Разумеется, не стоило впадать в панику, пока она не увидит маму собственными глазами. Жаль, конечно, что обязанность сопровождать ее выпала на долю Рейвенскрофта, новейшего папиного «проекта». Папа считал себя чемпионом руководства; это означало, что время от времени он возлагал на себя обязанность обучать очередную заблудшую душу искусству навигации в коварных водах светского общества. Мистер Оугилви называл это великим социальным экспериментом, однако Венеция полагала, что ему попросту нравится поток изощренных комплиментов, которые изливал на него благодарный Рейвенскрофт.

Нынче утром, когда им пришлось в невероятной спешке уезжать из Лондона, Венеции даже стало жаль Рейвенскрофта, угодившего в бурный водоворот нелепостей и противоречий, столь свойственных семейству Оугилви. Однако пребывание наедине с ним в карете в течение двух часов заронило в ее душу некоторые сомнения и даже опасения. Что-то – она не могла определить, что именно, – было не так. Рейвенскрофт выглядел чрезвычайно взвинченным; то и дело высовывал голову в окно кареты, словно предполагал, что их кто-то преследует.

Венеция обладала множеством недостатков, но глупость не входила в их число. Когда она вновь и вновь предпринимала попытки расспросить своего спутника о причинах, побудивших отца отправить их в спешном порядке к маме, Рейвенскрофт начинал путаться в словах и заикаться, сопровождая свои объяснения бесчисленными извинениями, от которых у Венеции разболелась голова.

Она отодвинула кожаную занавеску и выглянула в окно.

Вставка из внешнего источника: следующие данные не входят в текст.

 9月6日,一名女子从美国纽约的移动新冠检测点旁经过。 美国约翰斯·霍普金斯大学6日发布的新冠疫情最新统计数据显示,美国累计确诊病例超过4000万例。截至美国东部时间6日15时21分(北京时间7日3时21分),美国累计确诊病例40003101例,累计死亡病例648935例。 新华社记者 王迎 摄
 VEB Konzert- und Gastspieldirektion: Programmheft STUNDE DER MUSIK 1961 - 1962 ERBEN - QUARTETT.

Карета неслась по дороге с такой скоростью, что дух захватывало. Лошади явно измучены, придется сделать остановку и сменить их. После этого Венеция скажет Рейвенскрофту, что продолжит путешествие лишь после того, как он ответит на ее вопросы. Если он откажется, она остановится на постоялом дворе и отправит отцу в Лондон письмо с требованием приехать за ней.

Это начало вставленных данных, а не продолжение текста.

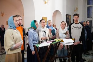 Традиционно, акафист, прославляя Пресвятую Богородицу, вместе со священством и хором пели все прихожане.
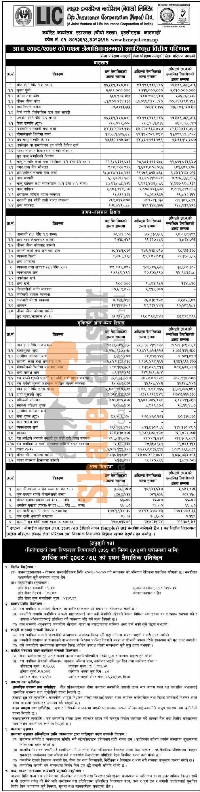Life Insurance Corporation Nepal Limited has posted a net profit of Rs 31.91 million and published its 1st quarter company analysis of the fiscal year 2078/79.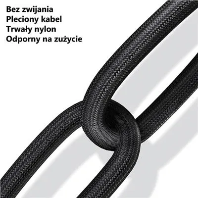 Nylonowy splot zapewni długie i bezawaryjne użytkowanie przewodu, bez ryzyka mechanicznych uszkodzeń.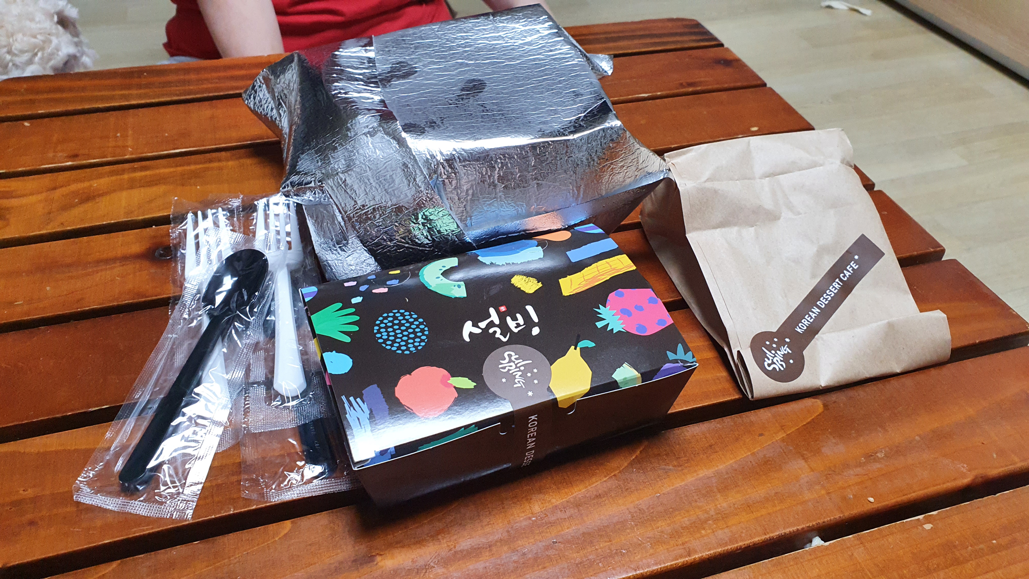 배달의민족으로 주문한 설빙 역곡점의 인절미세트가 도착했습니다. 위에 사진은 아직 뜯지 않은 상태입니다.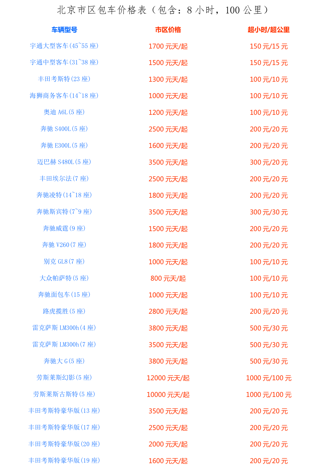 2024年北京租车最新价格表、商务车、大巴车报价明细
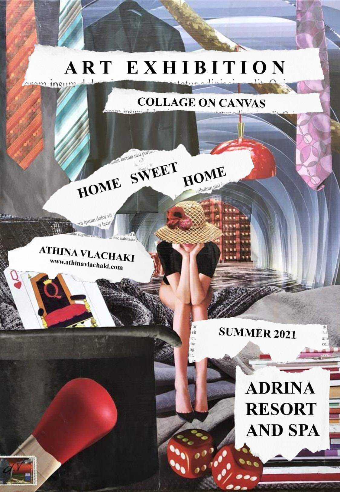 Όποιος ενδιαφέρεται να θαυμάσει το καλλιτεχνικό έργο “κολάζ σε καμβά” της Αθηνάς Βλαχάκη, το καλοκαίρι του 2021 θα πραγματοποιήσει έκθεση στο Adrina Resort and Spa Hotel.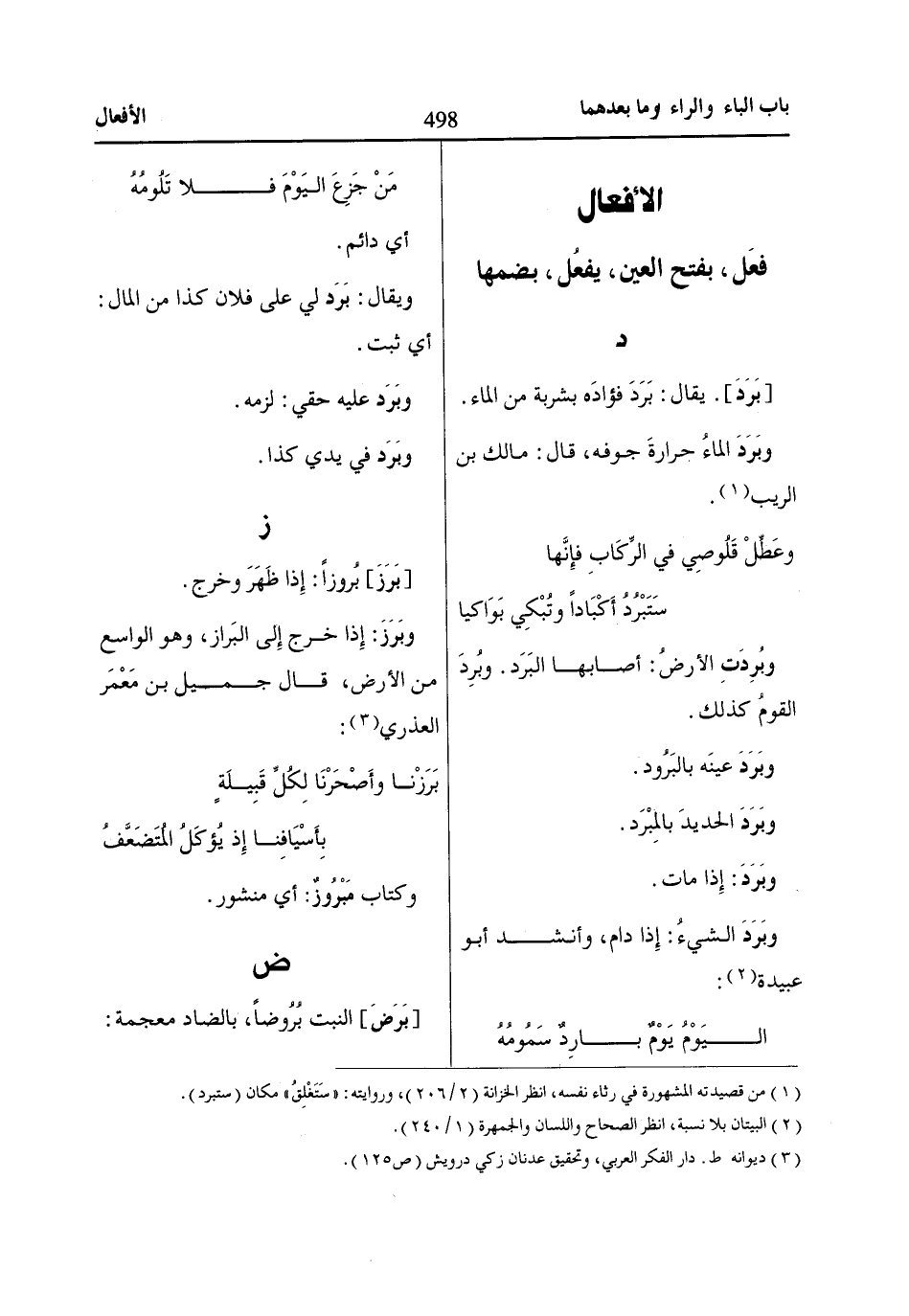 وبَرَدَ الشيءُ: إِذا دام، وأنشد أبو عبيدة «2»: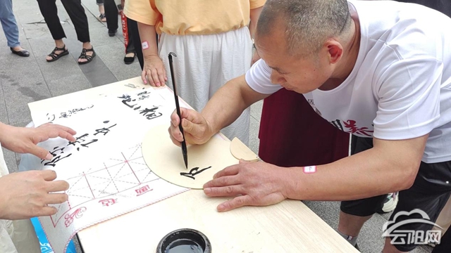 現(xiàn)場設置了分組游戲區(qū)和手工體驗區(qū),游戲區(qū)內(nèi)有粽子冰壺、釣粽子、手腳并用和蒙眼貼五毒等趣味游戲,每個游戲都巧妙地融入了端午節(jié)的傳統(tǒng)元素,讓參與者在歡樂中感受節(jié)日氛圍。手工體驗區(qū)則提供了書法團扇DIY的機會,居民們在這里親手制作屬于自己的團扇,將書法藝術與端午節(jié)的傳統(tǒng)風俗相結合,體驗中華文化的魅力。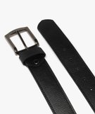 Ceinture dessus cuir grainé avec grosse boucle rectangle homme[MISSING] noir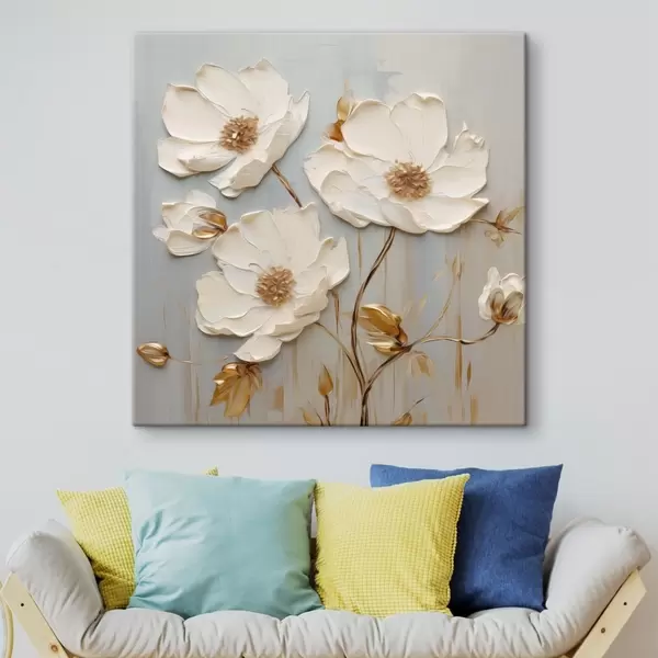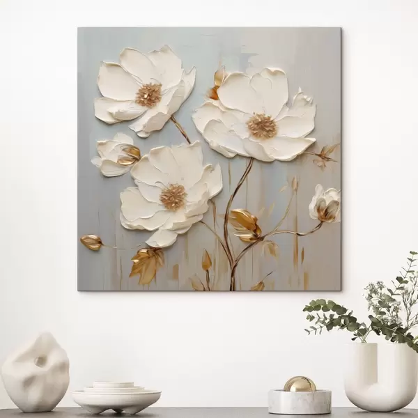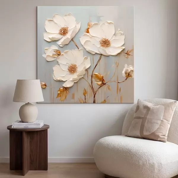 Wandbilder Reliefartige weiße Blüten mit warmen Blättern Art. s48093

Приняв такое решение, Венеция вдруг почувствовала, что основательно продрогла, и поспешила закрыть занавеску. Откинувшись на мягком сиденье, она окинула своего спутника изучающим взглядом. Рейвенскрофт выглядел гораздо моложе своих двадцати двух лет. Худощавый, отнюдь не атлетического сложения, он пытался скрыть недостатки фигуры ватиновыми подплечниками, чересчур просторным пальто и сапогами для верховой езды на высоких каблуках. Глаза у него светло-голубые, водянистые, подбородок такой, что и говорить не о чем, зато он мастер льстить с восторженным энтузиазмом. Видимо, поэтому отец Венеции был убежден, что Рейвенскрофт не способен ни на что дурное.

Карету так сильно тряхнуло на крутом повороте, что Венеция обеими руками ухватилась за край сиденья.

– Рейвенскрофт, мы слишком быстро едем по этой скверной дороге!

– Да, но нам необходимо как можно скорее добраться до места.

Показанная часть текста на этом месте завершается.